BS and DS equations in a Wilson loop context in QCD, effective mass operator, q-qbar spectrum

TL;DR

This paper explores the Bethe-Salpeter and Dyson-Schwinger equations in QCD to model the quark-antiquark spectrum, achieving good agreement with observed meson spectra through approximate diagonalization methods, with some limitations for light pseudoscalar states.

Contribution

It introduces an improved approach for calculating the q-qbar spectrum using a quadratic mass operator and center of mass Hamiltonian, enhancing previous models with a running coupling constant.

Findings

Successfully reproduces the meson spectrum for most states

Uses approximate diagonalization of H_{CM} and M^{2}

Requires parameter adjustments and a running coupling for accuracy

Abstract

We briefly discuss the quark-antiquark Bethe-Salpeter equation and the quark Dyson-Schwinger equation derived in preceding papers.

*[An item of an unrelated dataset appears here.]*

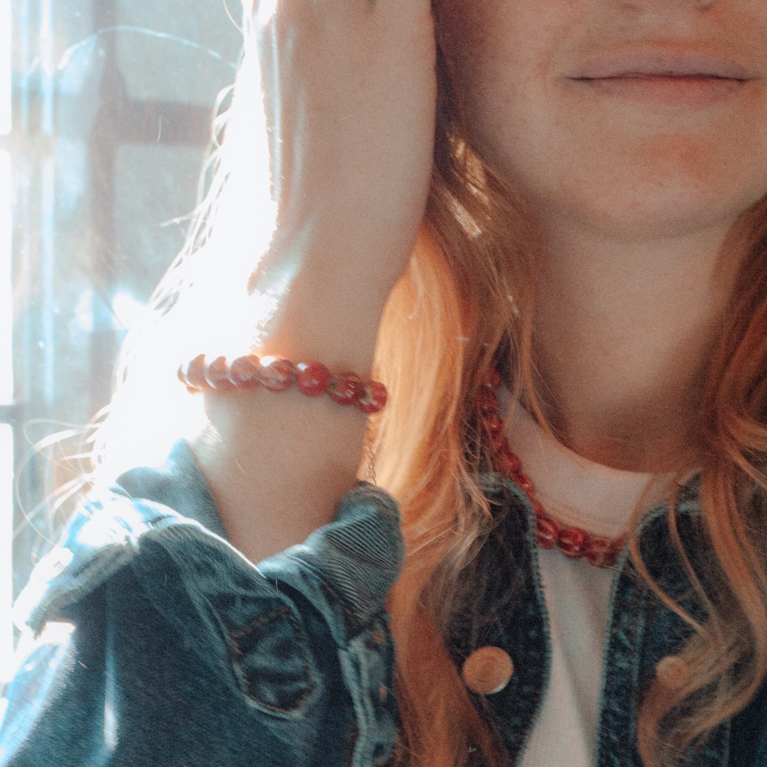We werken met natuurlijke materialen zoals edelstenen, keramiek, hout en parels, en gebruiken metalen van hoge kwaliteit zoals 925 sterling zilver, goud vermeil, gold filled en stainless steel met een duurzame PVD-coating. Ieder sieraad wordt in kleine oplage gemaakt in ons atelier in Zwolle. We streven naar sieraden die lang meegaan, met aandacht voor duurzaamheid, inclusiviteit en maatschappelijke betrokkenheid.

We also consider the q-qbar quadratic mass operator M^{2} = (w_{1} + w_{2})^{2} + U obtained by three-dimensional reduction of the BS equation and the related approximate center of mass Hamiltonian or linear mass operator H_{CM} = M = w_{1} + w_{2} + V + ... We revue previous results on the spectrum and the Regge trajectories obtained by an approximate diagonalization of H_{CM} and report new results similarly obtained by an approximate diagonalization of H_{CM} and report new results similarly obtained for the original M^{2}. We show that in both cases we succeed to reproduce fairly well the entire meson spectrum in the cases in which the numerical calculations were actually practicable and with the exception of the light pseudoscalar states (related to the chiral symmetry problematic). A small rearrangement of the parameters and the use of a running coupling constant is necessary in the M^{2} case.